26 Mart 2020 Perşembe

25.03.2020 - Çamaşır Makinasının Sıkma Modunda Oynamak

Araya başka işler girdi, günlüğe kısa bir ara verdim. Çok yoğundum diyeceğim bildiğiniz Woody Allen mizahı olacak ama öyleydi.  Her gün bir sınıf öğrencimle görüntülü etkinlik yapıyorum. Kendimi iyi hissettiriyor. Sanırım çocukları da. Masal da derslerime saygılı biçimde bazen izliyor, bazen katılıyor, bazen de biten etkinlik üzerine yorun yapıyor.
-Baba ben bu öğrencini çok sevdim.
-Baba bu öğrencin neden hep soru soruyor. Bir nevi rehberlik hizmeti veriyor bana.

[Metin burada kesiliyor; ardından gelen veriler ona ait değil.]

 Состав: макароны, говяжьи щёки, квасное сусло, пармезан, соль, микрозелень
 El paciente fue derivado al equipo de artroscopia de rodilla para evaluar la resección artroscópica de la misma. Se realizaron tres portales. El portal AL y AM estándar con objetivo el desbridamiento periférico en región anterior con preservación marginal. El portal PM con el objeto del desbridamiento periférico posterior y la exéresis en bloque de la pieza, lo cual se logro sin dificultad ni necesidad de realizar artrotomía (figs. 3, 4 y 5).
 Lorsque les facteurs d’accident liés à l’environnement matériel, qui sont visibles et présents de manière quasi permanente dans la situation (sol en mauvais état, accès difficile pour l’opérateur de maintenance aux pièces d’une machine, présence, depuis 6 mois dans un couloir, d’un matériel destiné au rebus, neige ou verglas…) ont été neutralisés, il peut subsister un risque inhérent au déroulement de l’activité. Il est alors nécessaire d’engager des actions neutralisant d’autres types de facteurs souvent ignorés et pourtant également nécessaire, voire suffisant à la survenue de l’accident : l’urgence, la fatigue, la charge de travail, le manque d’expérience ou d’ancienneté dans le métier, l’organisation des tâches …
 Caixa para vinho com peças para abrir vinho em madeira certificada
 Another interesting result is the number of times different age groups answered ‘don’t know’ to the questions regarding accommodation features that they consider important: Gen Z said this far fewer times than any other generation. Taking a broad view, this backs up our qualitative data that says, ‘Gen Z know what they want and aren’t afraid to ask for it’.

Bugün adım adım yazmayacağım. Belli bir gün sonra çok rutin oluyor. Bu da bir W. Allen espirisi oldu. :)))
Evimizin resmi açılış töreninden bir an

Merdiven altını boşalttık ve Masal'a burası senin evin dedik. İçine bir gece lambası yerleştirdik. Artık bizden sıkıldığında kaçacak bir yeri var. Gerçi bizim ondan sıkıldığımızda kaçacak yeri yok. Bu çocuklar ile evde yaşayan kediler arasında müthiş bir benzerlik var. Her ikisi de evin kralı ve her köşesi kendine ait sanıyor.

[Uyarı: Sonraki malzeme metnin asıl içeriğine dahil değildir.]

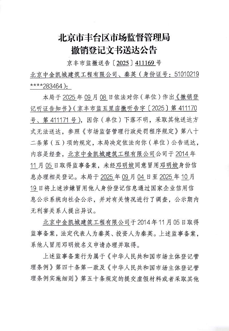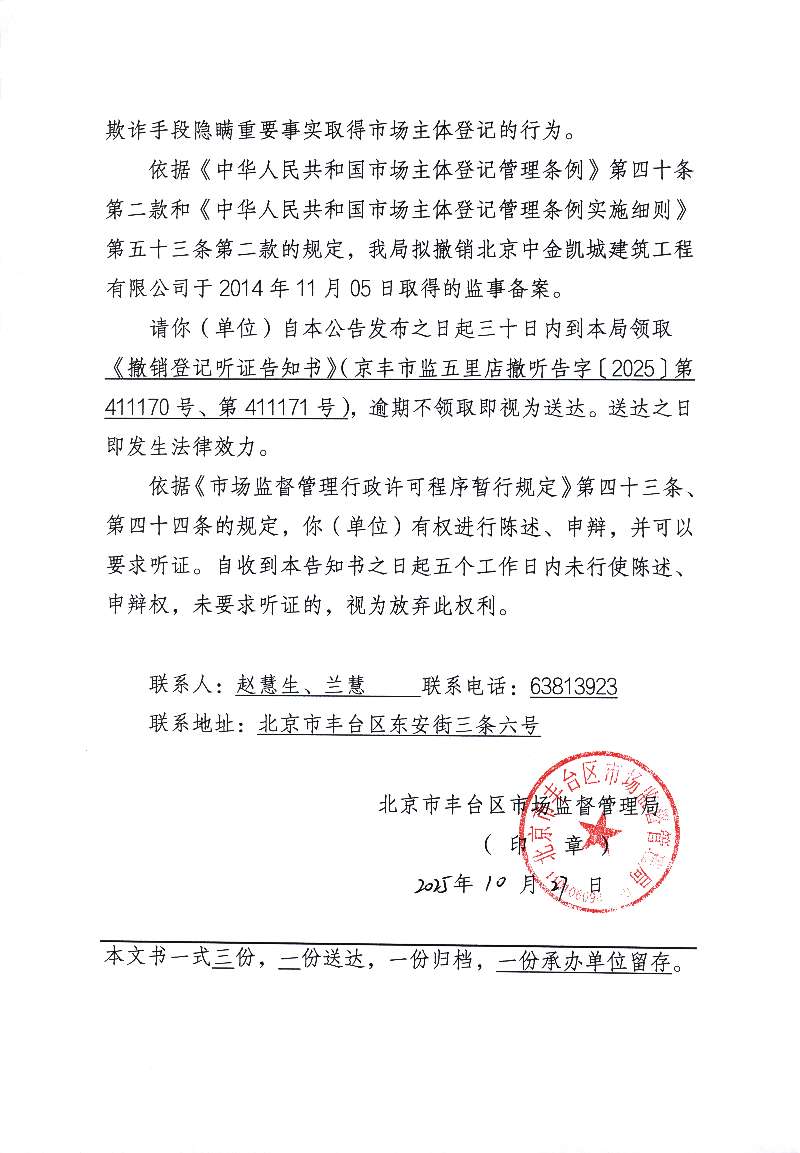 北京中金凯城建筑工程有限公司-听证公示-北京市丰台区人民政府网站

Neyse meselenin çocuk yararı boyutuna geleyim. Kız çocukları için iş daha kolay. Evcilik oynamak için ideal bir şey özel bir alan yaratmak. Erkek çocuklar için bir uzay gemisi yapmak (veya ilgi duyduğu tema neyse) mümkün mü diye merak ediyorum. 

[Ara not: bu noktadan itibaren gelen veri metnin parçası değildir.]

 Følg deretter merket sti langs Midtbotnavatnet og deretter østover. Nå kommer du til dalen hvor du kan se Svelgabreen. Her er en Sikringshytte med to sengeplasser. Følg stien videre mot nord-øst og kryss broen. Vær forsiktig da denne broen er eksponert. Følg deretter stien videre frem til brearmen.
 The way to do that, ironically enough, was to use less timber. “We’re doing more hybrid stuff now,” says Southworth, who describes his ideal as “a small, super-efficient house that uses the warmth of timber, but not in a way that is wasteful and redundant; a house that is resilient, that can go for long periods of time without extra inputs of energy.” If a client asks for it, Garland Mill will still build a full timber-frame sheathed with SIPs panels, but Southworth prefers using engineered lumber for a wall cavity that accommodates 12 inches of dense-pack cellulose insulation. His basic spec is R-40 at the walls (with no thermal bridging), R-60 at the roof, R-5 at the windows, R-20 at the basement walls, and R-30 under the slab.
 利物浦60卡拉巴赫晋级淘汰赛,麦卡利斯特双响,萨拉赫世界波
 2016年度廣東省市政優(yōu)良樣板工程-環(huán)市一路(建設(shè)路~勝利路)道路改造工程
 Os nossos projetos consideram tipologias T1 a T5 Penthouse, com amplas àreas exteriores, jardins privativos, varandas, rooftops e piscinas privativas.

Merak ediyorum çünkü ben küçükken saatlerim bir koltuğu arabayı çevirmekle geçerdi. Daha az zaman ise arabada oynayarak geçerdi. Günümüz çocukları hem dijitalde, hem de gerçek dünyada onlar için hazırlanmış oyuncaklarla oynuyor. Arabayı tasarlamak, arabayla oynamaktan daha keyifliydi. Atölye çalışmalarında ben bu oyuna hazırlık aşamasına çamaşır makinasının sıkma modunda oynamak diyorum.

Bu bilinçle dünkü evcilik alanımızı hazırlama işi ortak gerçekleşti. Boşalan merdiven altının dizaynı ise tamamen Masal'a aitti. Oyunda çamaşır makinasının sıkma moduna vardı, iyi de oldu.